Introduction

The desire to lose weight is widespread in affluent western countries and efforts to achieve a neutral or negative energy balance are appropriate both for overweight/obese adults who are trying to lose weight and those of normal weight who wish to avoid weight gain [1, 2]. Alongside services offered by healthcare providers that are typically directed towards more severely overweight groups, a wide array of commercial weight loss programmes is available [3]. People seeking assistance with weight control can choose from programmes using a variety of formats including books, DVDs, Internet sites and weight loss clubs, and offering a range of tools, services and types of support. This makes it possible for consumers to match their preferred approach to weight control to the service of a particular provider. Research into the mechanisms of operation and effectiveness of these commercial programmes has been sporadic and limited, with many popular approaches used by large numbers of customers worldwide having had little scientific evaluation. However, where research has been carried out, the results have been broadly positive, indicating that commercial programmes can be successful in assisting with weight control [46] while meeting users' nutritional needs [7, 8].
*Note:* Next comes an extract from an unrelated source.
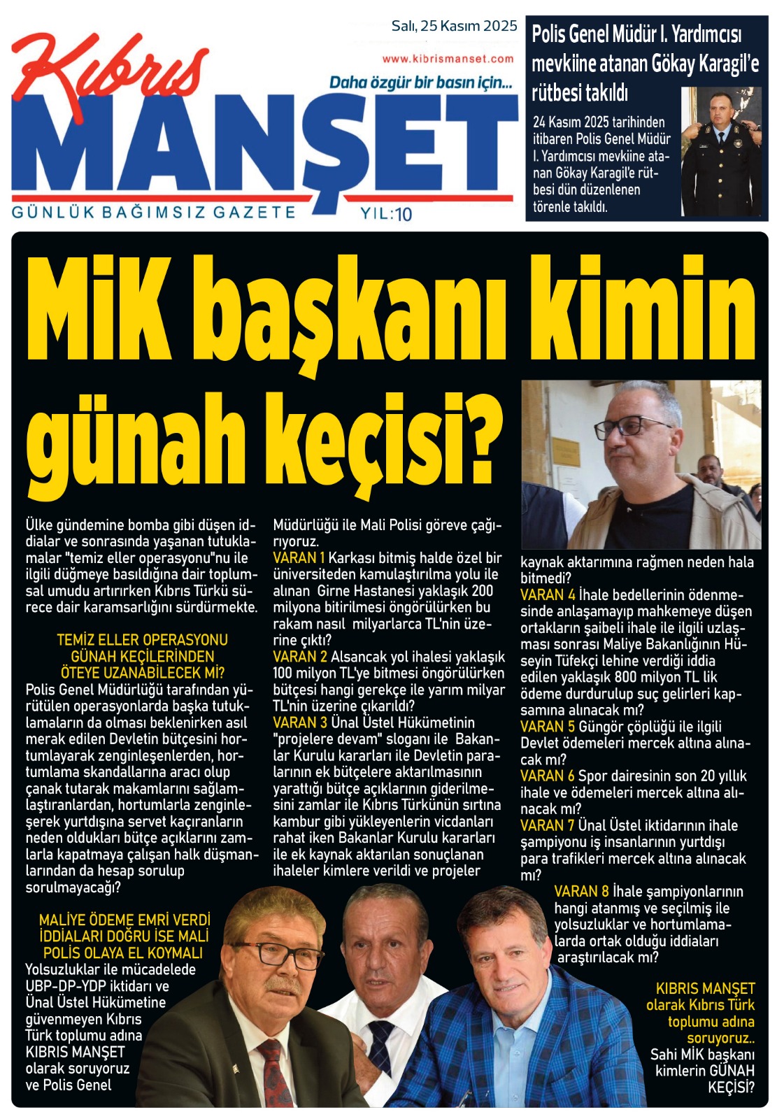 Yolsuzluklar ile mücadelede UBP-DP-YDP iktidarı ve Ünal Üstel Hükümetine güvenmeyen Kıbrıs Türk toplumu adına KIBRIS MANŞET olarak soruyoruz ve Polis Genel Müdürlüğü ile Mali Polisi göreve çağırıyoruz.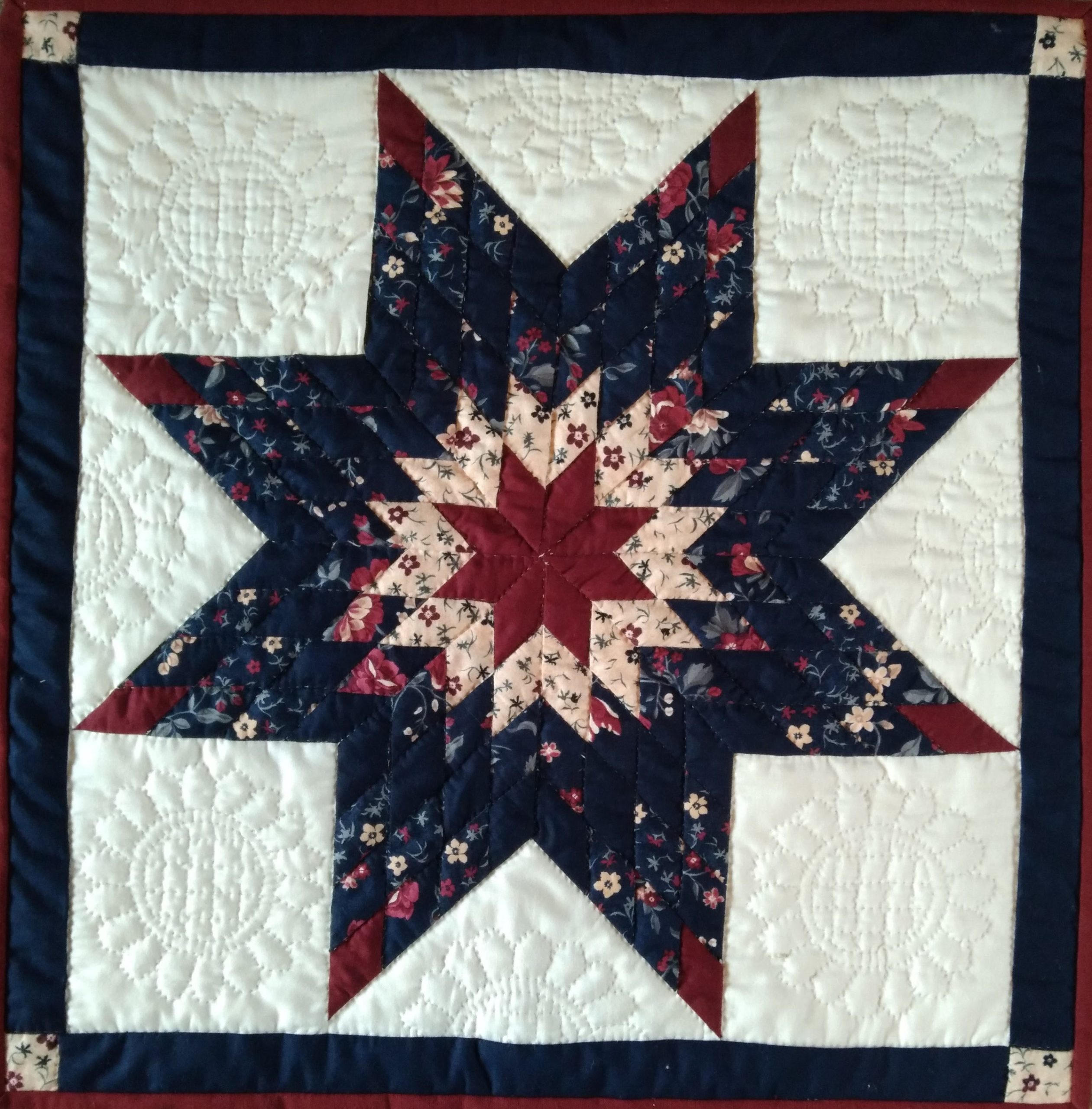 Loved as much today as years ago, the Lone Star is a favorite of quiltmakers. Exploding with color, the star radiates from its center to eight sharp points. The surrounding background is the perfect canvas to display fancy quilting stitches. Finished size is 22" x 22". Kit includes all 100% cotton fabrics needed to complete entire quilt (including quilt top, back, and binding), batting, quilting designs, and step-by-step illustrated instructions. Colors are burgundy, navy, white with floral accents.

As online facilities have become more accessible, there has been increasing use of the Internet as a platform for both commercial and health service weight loss programmes [9]. Internet programmes have been shown to achieve weight loss outcomes comparable to face-to-face interventions that use similar tools [1012]. The potential benefits of online interventions include automatic monitoring of usage patterns among participants [13]. They may also provide considerable savings of time and cost [9]; in particular reducing demands on health professionals and therapists. Programmes typically include a variety of features, and allow participants to be selective about the tools they use. Several studies have examined which features of Internet weight loss programmes are associated with successful weight loss in the context of randomised controlled trials (RCTs) or formal research studies [9, 13, 14], but a recent systematic review concluded that not enough was known about components of web-based interventions associated with effectiveness [15]. It has also been suggested that patterns of use and outcomes differ between RCT participants and non-trial users of web-based programmes [16], and although many people seeking to lose weight do so without the formal setting of a therapeutic intervention or clinical trial, few studies have examined utilisation patterns and weight loss in self-guided 'direct-to-consumer' commercial services [17, 18].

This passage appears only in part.